TASK: Could you restate all of the records exactly, leaving out the pictures?

EXERCISE INPUT:
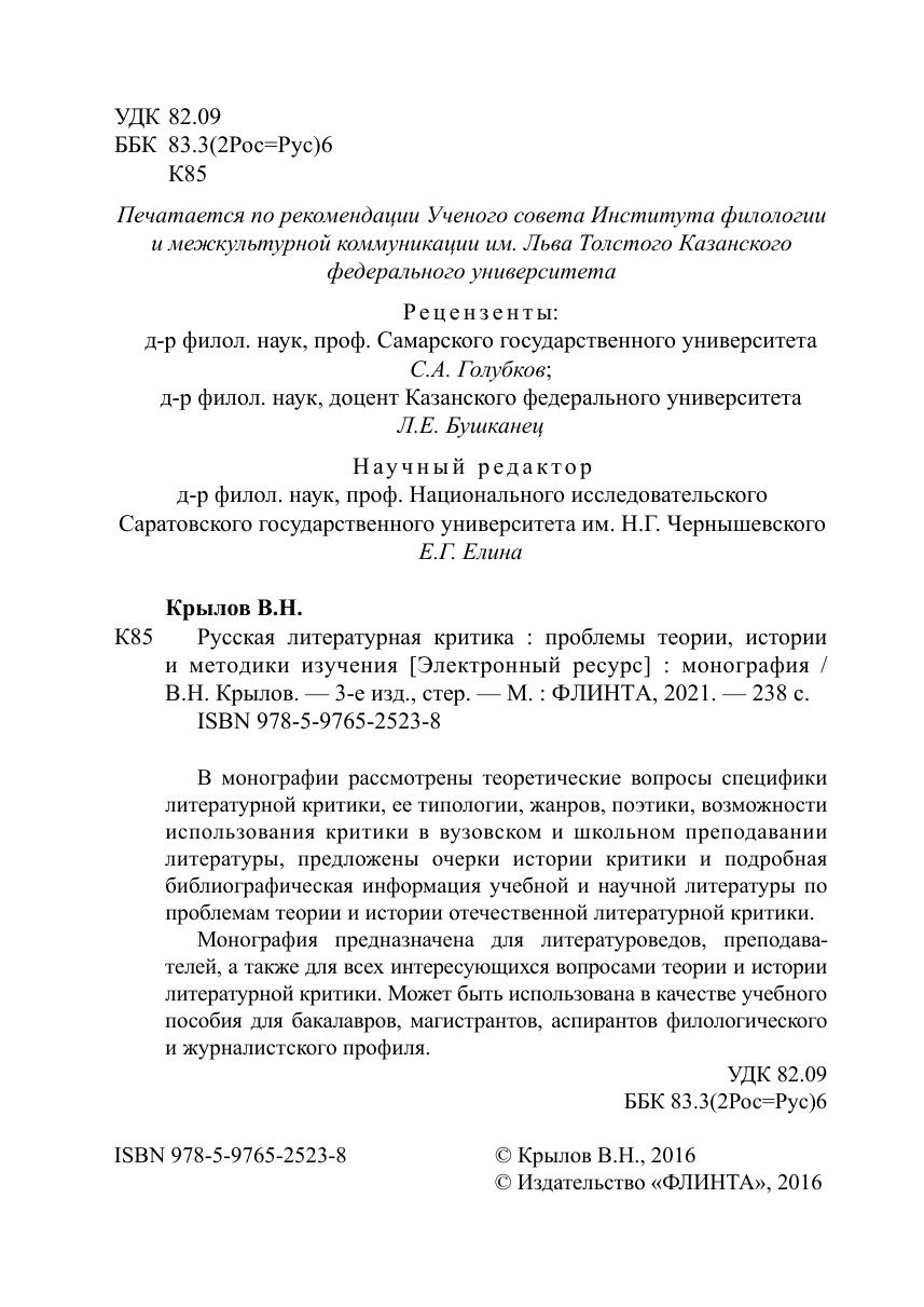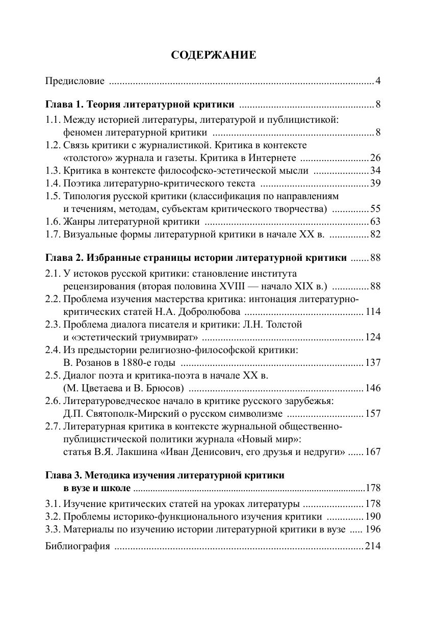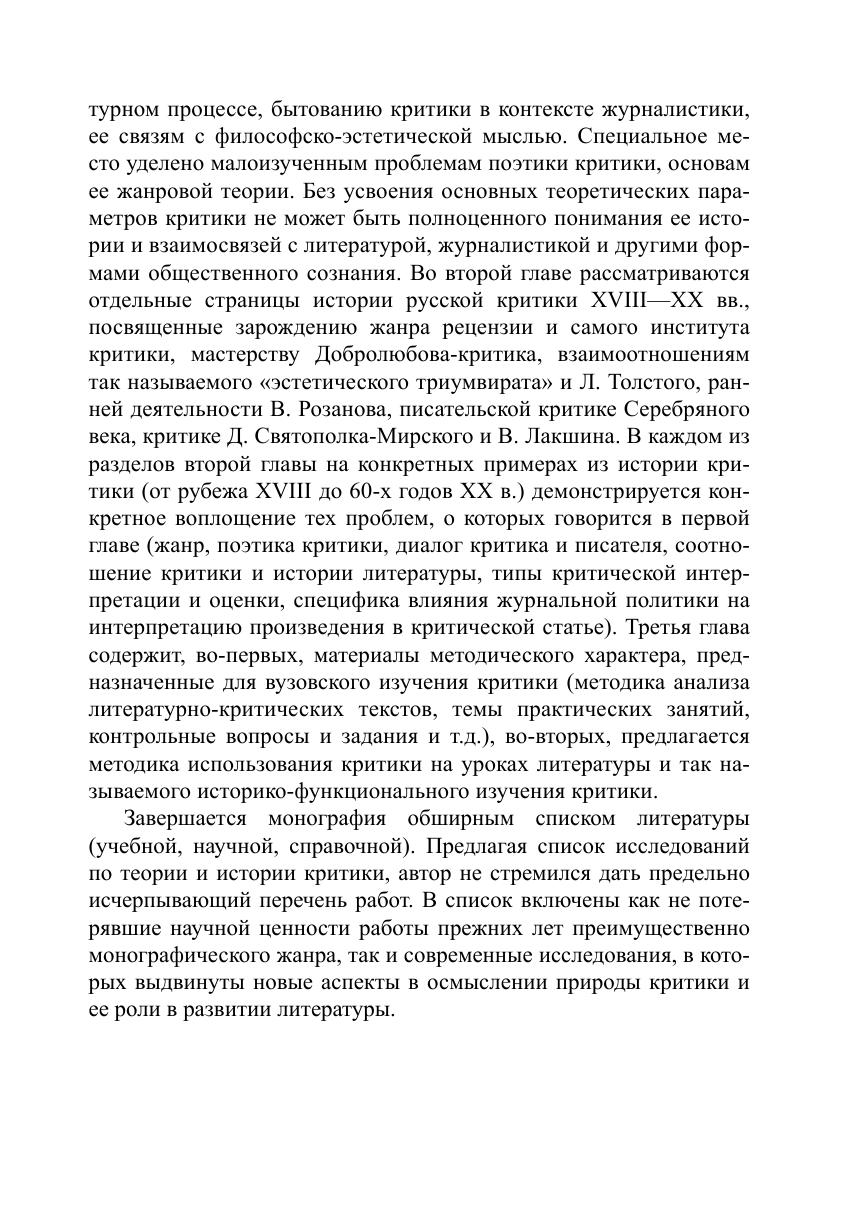 В монографии рассмотрены теоретические вопросы специфики литературной критики, ее типологии, жанров, поэтики, возможности использования критики в вузовском и школьном преподавании литературы, предложены очерки истории критики и подробная библиографическая информация учебной и научной литературы по проблемам теории и истории отечественной литературной критики.
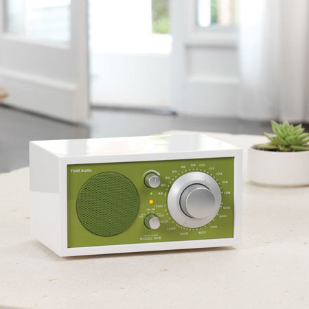The Tivoli Audio Frost White Collection Model One M1FWKG AM/FM Table Radio (Frost White/Kelly Green) is sure to please. The Frost White Collection Model One's design matches its celebrated sound with simple, clean lines and vibrant colors. Using the Henry Kloss analog AM/FM dial you can tune in to just about any station on the airwaves - and with the auxiliary input you can spice things up with the music collection on your iPod or other portable audio devices.
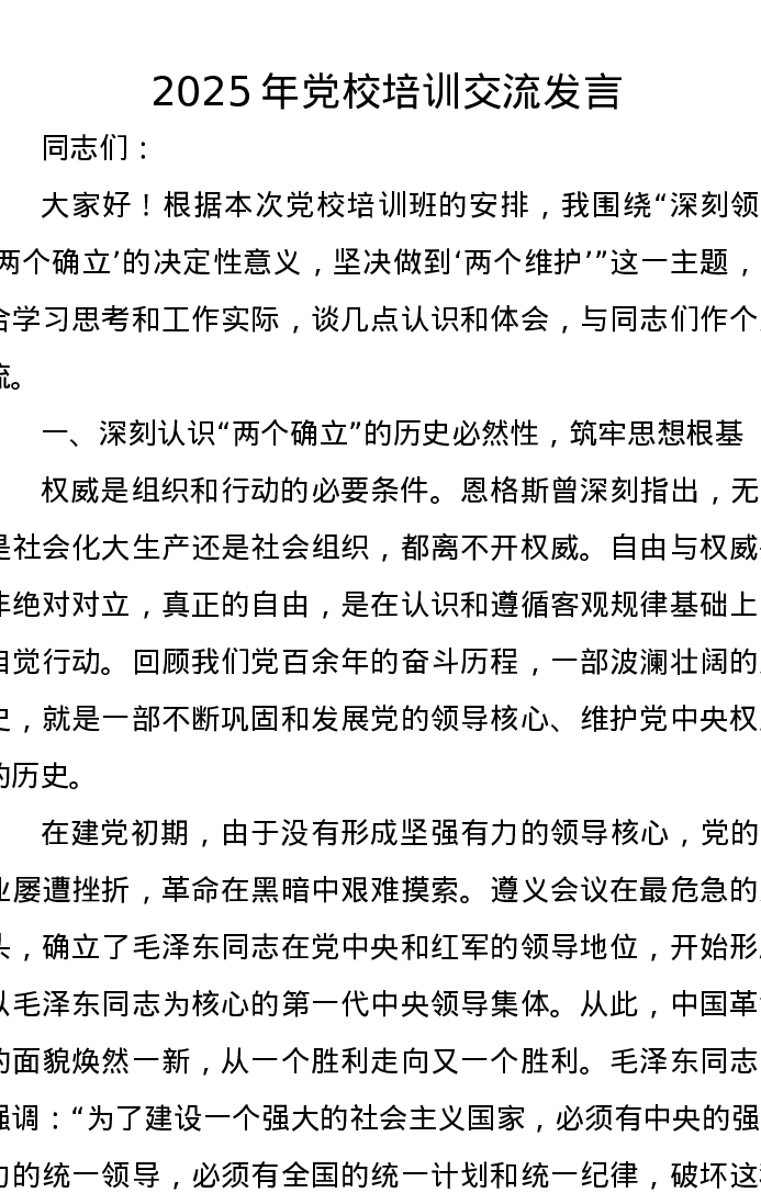 2025年党校培训交流发言
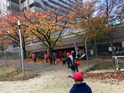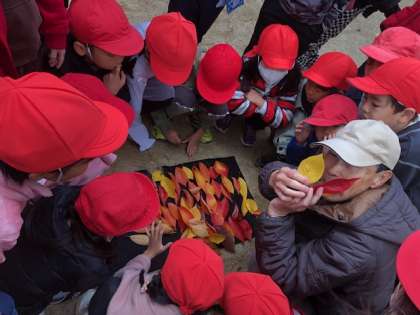 赤、黄のグラデーションになっている、葉の美しさに、子どもたちは大喜びです。また、大きい葉っぱ、小さい葉っぱ、虫食いの葉っぱなど、いろんな葉が材料となって学びを深めることができました。
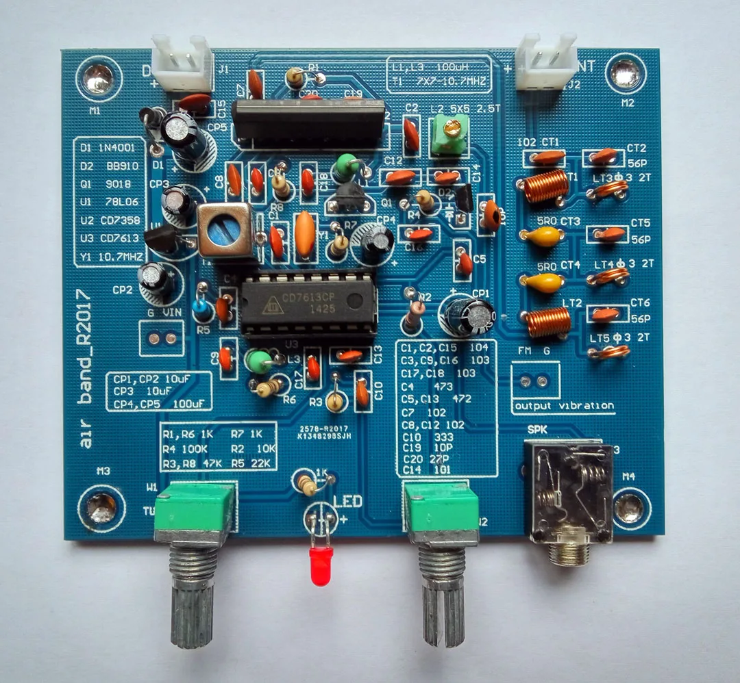 Перед установкой всех компонентов транзистор, резистор, конденсатор с мультиметр тест снова. И затем схема управления и идентичность монтажа PCB всех компонентов. Общее соответствие последовательности установки от низкого до высокого. Чтобы установить гнездо в интегральной цепи в то же время, это может эффективно избежать сердцевины сварки интегральной схемы. Проверьте все в порядке, после включения сока и розетки вставьте гарнитуру, поместите W2 поверните по часовой стрелке до конца, должны быть в состоянии услышать белый шум. Для антенны, подключенной к мягкой линии 60 сантиметров, можно услышать шум значительно больше или услышать fm-радио, радио частоты (rf) основной канал без проблем.

RESPONSE TO THE EXERCISE:
 В монографии рассмотрены теоретические вопросы специфики литературной критики, ее типологии, жанров, поэтики, возможности использования критики в вузовском и школьном преподавании литературы, предложены очерки истории критики и подробная библиографическая информация учебной и научной литературы по проблемам теории и истории отечественной литературной критики.
The Tivoli Audio Frost White Collection Model One M1FWKG AM/FM Table Radio (Frost White/Kelly Green) is sure to please. The Frost White Collection Model One's design matches its celebrated sound with simple, clean lines and vibrant colors. Using the Henry Kloss analog AM/FM dial you can tune in to just about any station on the airwaves - and with the auxiliary input you can spice things up with the music collection on your iPod or other portable audio devices.
 2025年党校培训交流发言
 赤、黄のグラデーションになっている、葉の美しさに、子どもたちは大喜びです。また、大きい葉っぱ、小さい葉っぱ、虫食いの葉っぱなど、いろんな葉が材料となって学びを深めることができました。
 Перед установкой всех компонентов транзистор, резистор, конденсатор с мультиметр тест снова. И затем схема управления и идентичность монтажа PCB всех компонентов. Общее соответствие последовательности установки от низкого до высокого. Чтобы установить гнездо в интегральной цепи в то же время, это может эффективно избежать сердцевины сварки интегральной схемы. Проверьте все в порядке, после включения сока и розетки вставьте гарнитуру, поместите W2 поверните по часовой стрелке до конца, должны быть в состоянии услышать белый шум. Для антенны, подключенной к мягкой линии 60 сантиметров, можно услышать шум значительно больше или услышать fm-радио, радио частоты (rf) основной канал без проблем.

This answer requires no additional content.